Дядюшка робко стоял в стороне от высоких полицейских чинов, прощавшихся со своим министром, слушал длинные, прочувствованные речи и не осмеливался подойти к гробу. Он утирал платком обильные слезы и жевал беззубым ртом. За шесть лет, что они не виделись, Родион Михайлович успел овдоветь и от перенесенного горя сильно сдал. Он выглядел глубоким стариком, опирался на трость, его голова угрожающе тряслась на тонкой шее. Дмитрий даже не сразу признал своего бравого дядюшку, а узнав, содрогнулся от жалости к заброшенному старику. Забыв былые обиды, он подошел и со словами: «Дядюшка, мужайтесь!» сердечно обнял его. «Митя, Митя, что же это? — разрыдался у него на груди Родион Михайлович. — Зачем же он, голубчик мой, ушел раньше меня, ведь я на два года старше? С кем я теперь буду вспоминать наши славные денечки? Ведь один я остался… Один… Один! Один!» И столько бессильной старческой обиды, так похожей на детскую, звучало в этом слове, что Савельев готов был заплакать сам.

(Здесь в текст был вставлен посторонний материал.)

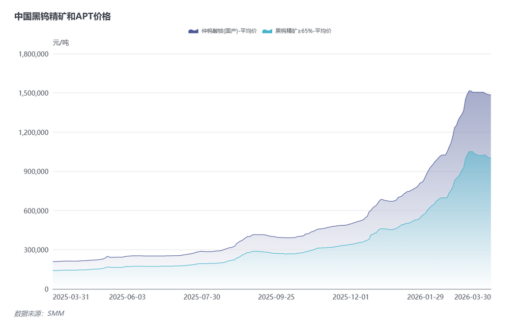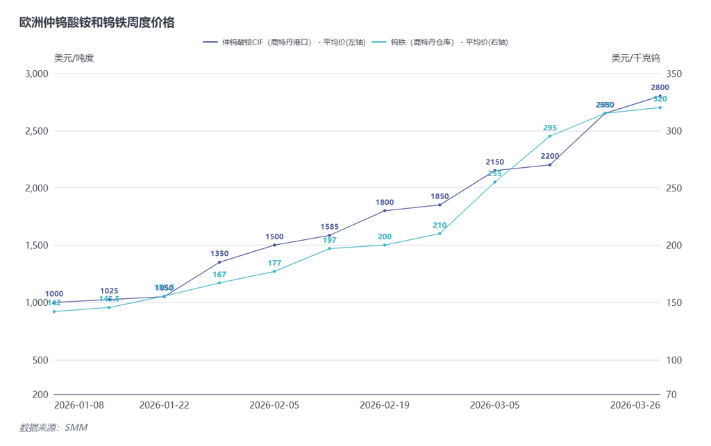 据SMM数据显示,截至3月30日,仲钨酸铵(APT)CIF鹿特丹港口报价为2600-3000美元/吨度,均价2800美元/吨度,较上周上涨150美元;钨铁(鹿特丹仓库)报价为310-330美元/千克钨,均价320美元/千克钨,较上周上涨5美元。上周欧洲市场成交整体偏少,但原料供应紧张态势持续支撑报价小幅上移,3月末欧洲APT价格较月初累计涨幅已达30%。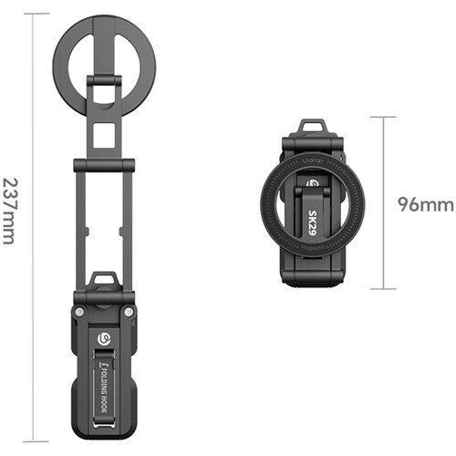 El soporte plegable para móvil Ulanzi SK29 (magnético) es un soporte compacto y versátil para smartphones con una pinza magnética MagSafe. Es plegable, portátil y cuenta con una base con rosca de 1/4"-20, por lo que es ideal para hacer vlogs, retransmitir en directo o ver vídeos sin necesidad de sujetar el móvil con las manos en cualquier lugar.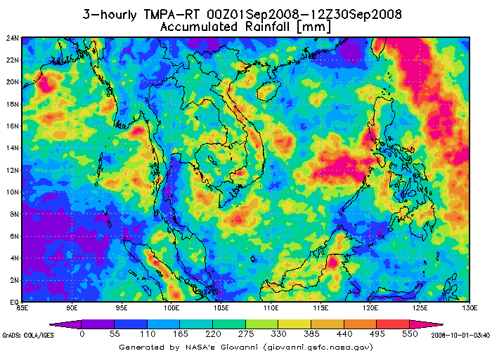 รายงานแผนภาพแสดงปริมาณฝนสะสมจาก NASA พบว่าช่วงเดือนกันยายนมีปริมาณฝนสะสมค่อนข้างมากในหลายพื้นที่

Он взял дядюшку под руку и повел к гробу. Высокие чины с почтительными поклонами расступились перед старым екатерининским воином, героем Аккермана и Вендор, грудь которого украшали Святые Владимиры трех степеней и два Георгия. Родион Михайлович продолжал плакать и тихонько причитать.
После похорон дядюшка предложил Дмитрию переехать к нему. «Кто старое помянет, тому глаз вон! — заявил он в благодушном порыве. — Не бросай старика, Митя! Мне теперь и слово-то вымолвить не с кем. По вечерам с дураками своими лясы точу…»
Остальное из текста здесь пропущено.